Private equity funding is offering independent physicians opportunities to monetize their medical practices in numbers both startling and enticing.
In light of healthcare reform, reimbursement reductions, the ongoing political debate regarding healthcare and how to pay for it, medical practices are being offered opportunities to monetize their medical practices in numbers both startling and enticing. Whereas healthcare systems were the primary buyer just a few years ago, private equity has changed the acquisition landscape over the last several years. Significant recent acquisitions have occurred in the specialties of orthopedics, gastroenterology, and ophthalmology.
Almost all transactions are based upon a multiple of the practice’s “EBITDA.” EBITDA is a measure of a company’s operating performance and is defined as earnings before interest, tax, depreciation, and amortization. The higher the multiple, the less the post-transaction compensation for the provision of professional medical services will be. So, depending upon the relative ages of the physicians in the practice, even though the payment at closing may be deemed “high,” the practice must assess how the future compensation and loss of autonomy and independence may, in fact, make the deal less attractive. For example, younger physicians with more years left to practice may find these deals less attractive.
Private equity firms purchase practices with the goal of merging numerous small specialty practices into one large practice that can expand the range of patient services and leverage greater purchasing and negotiating power to spread the cost of IT upgrades or management investments over a larger revenue base. To grow efficiently, these firms will approach and negotiate with dozens or even hundreds of target physician practices at one time, with only 1 to 5 percent of targets actually being acquired.
To assure that best terms are achieved or, if necessary, negotiations are terminated appropriately and efficiently, it is imperative that physicians owners understand their motivations for selling and those of the potential purchaser for buying.
Is the transaction right for the practice?
There are many reasons why practice owners may want to sell. Healthcare economics are uncertain; competition with large multi-specialty groups and hospitals is increasing; IT and other infrastructure investments are large, and financing often requires personal guarantees by the partners; and payers are increasingly reducing reimbursement. A merger or acquisition could result in cash to the owners, professional management of their practice, superior infrastructure, and greater negotiating power with third-party payers.
Before entering negotiations, the owners must be on the same page. Smart, analytical, and seasoned physicians may feel that it is best to simply invite a potential purchaser to their office to negotiate a transaction. Such an approach may not be prudent. The issues involved, including valuation, operational issues, governance, and legal and regulatory issues, are complex and outside the normal range of activity and experience of many physicians. Merger and acquisition (M&A) specialists should be hired or contracted to run the acquisition program, providing an expertise that most physician do not have and limiting the distractionfrom running the practice and caring for patients.

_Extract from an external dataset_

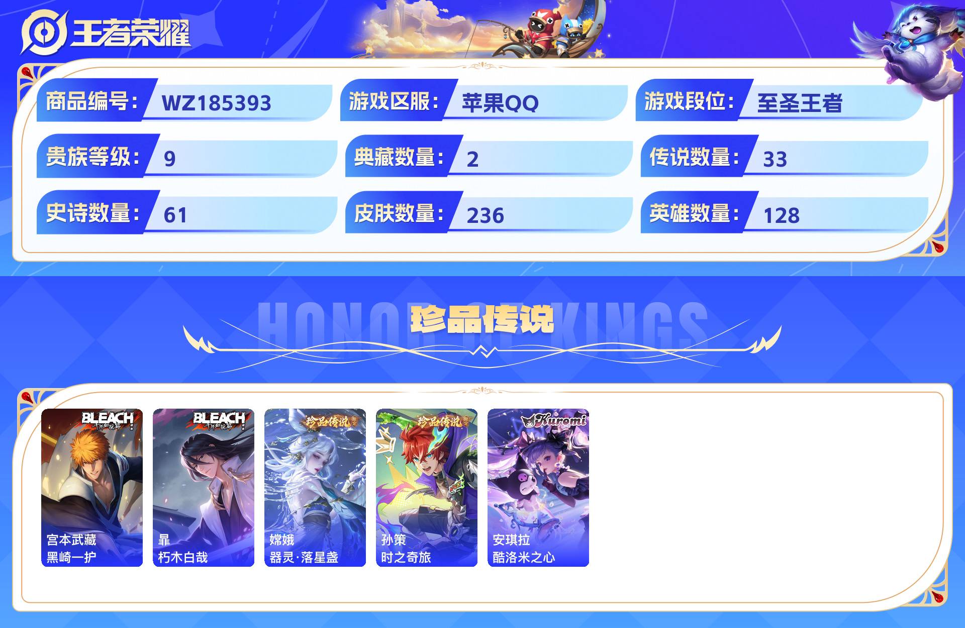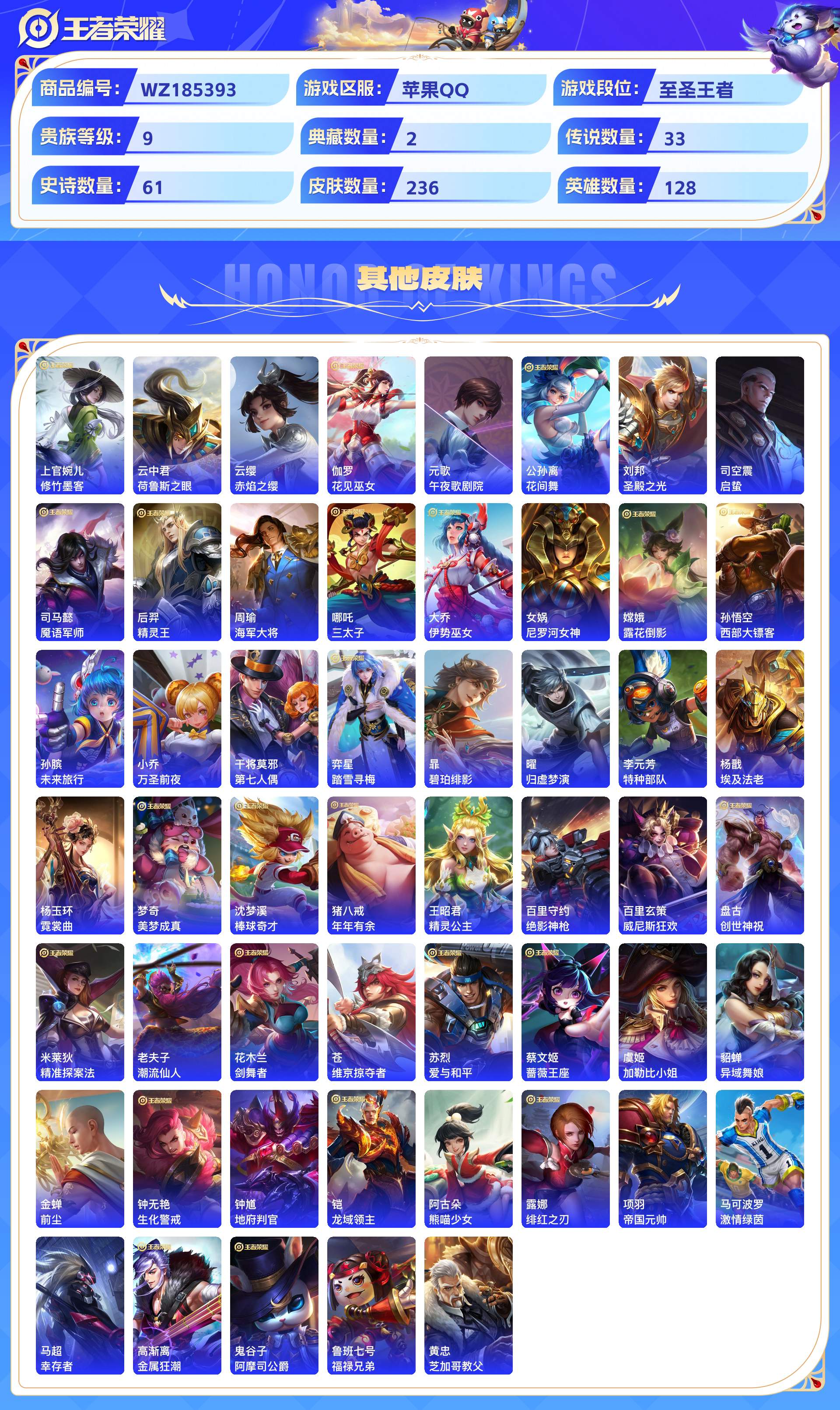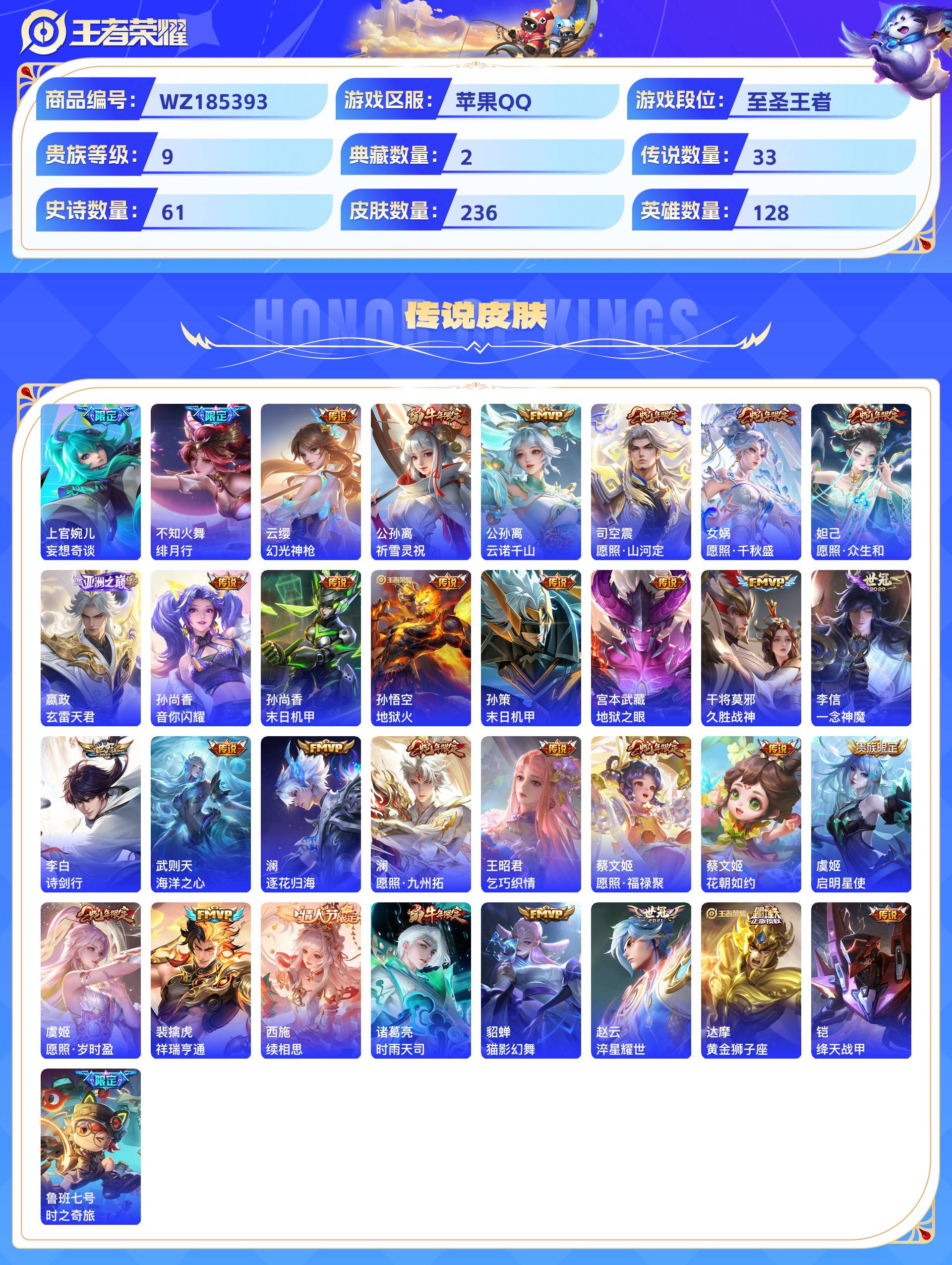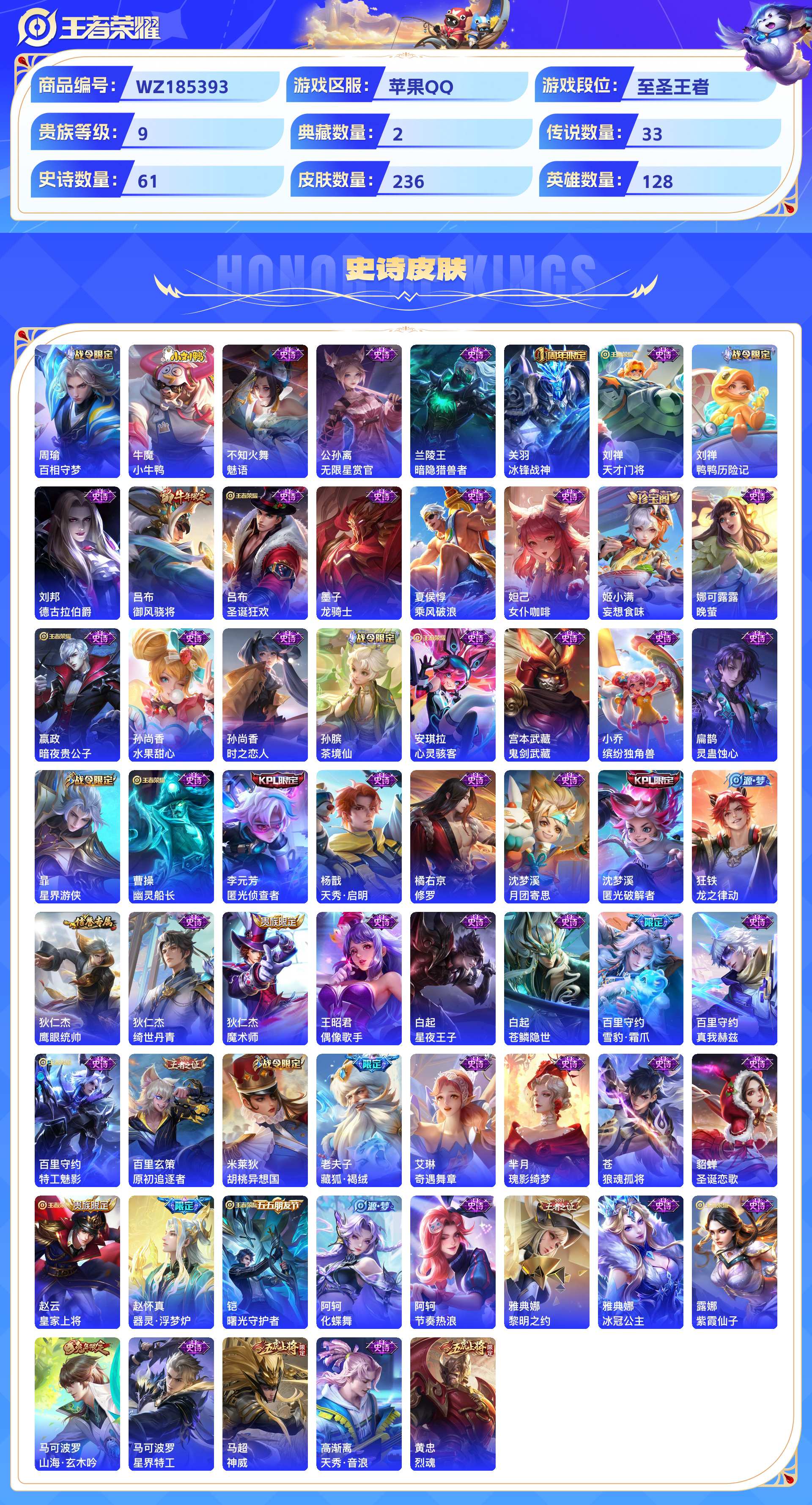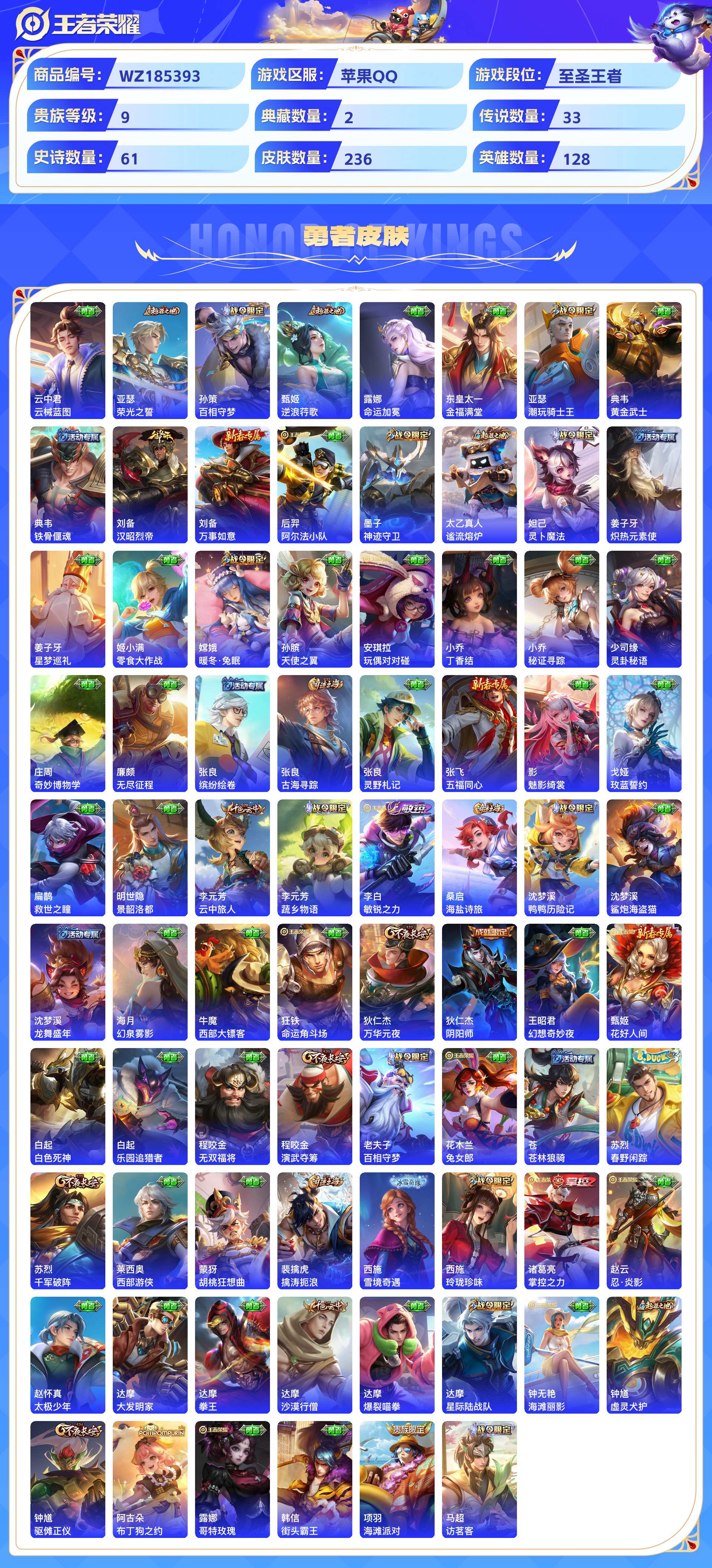 2280894-苹果qq 236皮 贵族9级 2典藏 5珍品传说 1无双 33传说 61史诗【荣耀典藏】九霄神辉银白咏叹调【珍品传说】黑崎一护朽木白哉器灵·落星盏时之奇旅酷洛米之心【无双限定】雪境奇遇【传说皮肤】妄想奇谈绯月行幻光神呛祈雪灵祝云诺千山愿照·山河定愿照·千秋盛愿照·众生和玄雷天君音你闪耀末日机甲地狱火末日机甲地狱之眼久胜战神一念神魔诗剑

Physician owners must also understand that as employees in the new model, they will no longer be compensated as partners of the practice, but instead will be retained as fixed-salaried employees for a certain period of time or based on "relative value units." But while they may not be able to generate the same level of compensation that they had earned in their own private practice, they also no longer need to worry about slow years and fluctuating revenue. This stability and security is often welcomed by risk-averse and risk-seeking physicians alike, particularly in an economic climate where reimbursement rates are continually reduced by private and government payors.Another benefit is that employed physicians are not responsible for the overhead associated with running a private practice. Their only concern is maintaining their patient relationships and providing high-quality, cost-effective care.